Personal information
- Full name: Niall McKeever
- Date of birth: 16 February 1989 (age 36)
- Place of birth: Portglenone Co Antrim
- Original team(s): Antrim (GAA)
- Draft: No. 67, 2010 Rookie draft, Brisbane Lions
- Height: 197 cm (6 ft 6 in)
- Weight: 95 kg (209 lb)
- Position(s): Defender

Playing career^{1}
- Years: Club / Games (Goals)
- 2010–2013: Brisbane Lions / 22 (2)
- ^{1} Playing statistics correct to the end of 2013.

Career highlights
- Brisbane Lions Reserves premiership player (2012, 2013);

= Niall McKeever =

Australian rules footballer

Niall McKeever (born 16 February 1989) is a former professional Australian rules football player. He was taken at pick #67 in the 2010 Rookie draft, after having played Gaelic football for the Antrim county team. McKeever made his debut in Round 14, 2011 against .
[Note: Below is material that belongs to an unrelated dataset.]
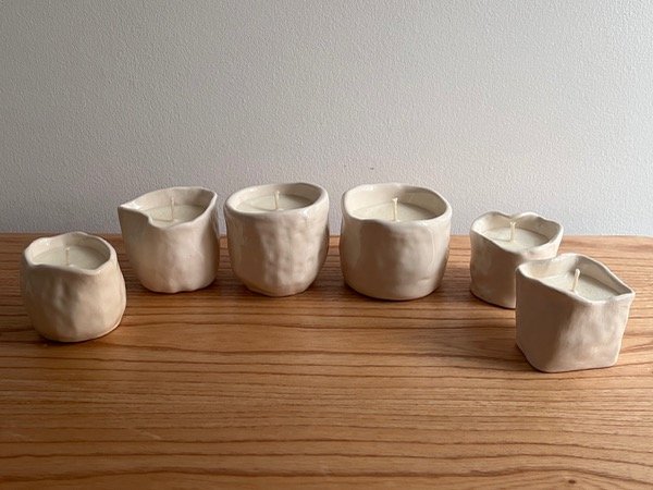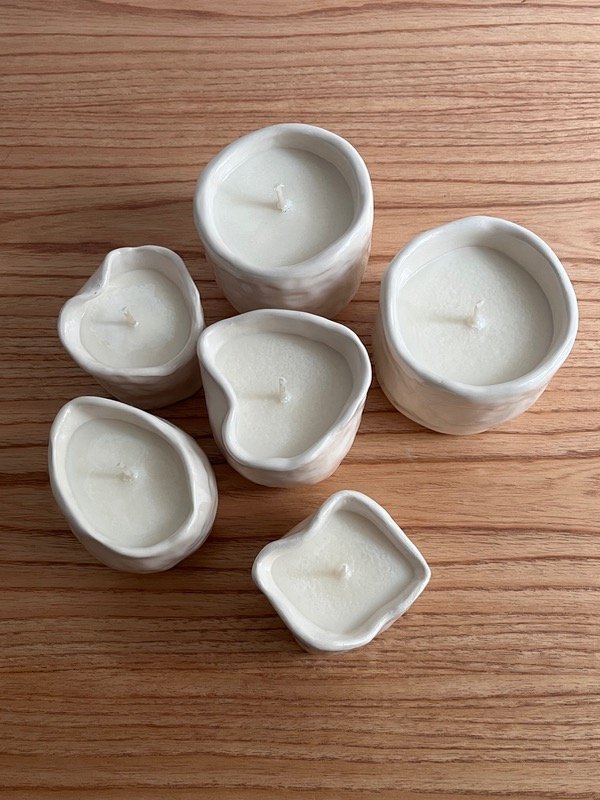 Vela de cera de soja realizada artesanalmente en cuenco cerámico

He was delisted by the Lions following the conclusion of the 2013 season.

==Peil Star video==
In 2016, McKeever appeared in a street Gaelic football film created by Peil Star with Kieran Hughes (Monaghan), Richie Donnelly (Tyrone) and Ryan McHugh (Donegal). The film was shot at Belfast's Titanic Quarter.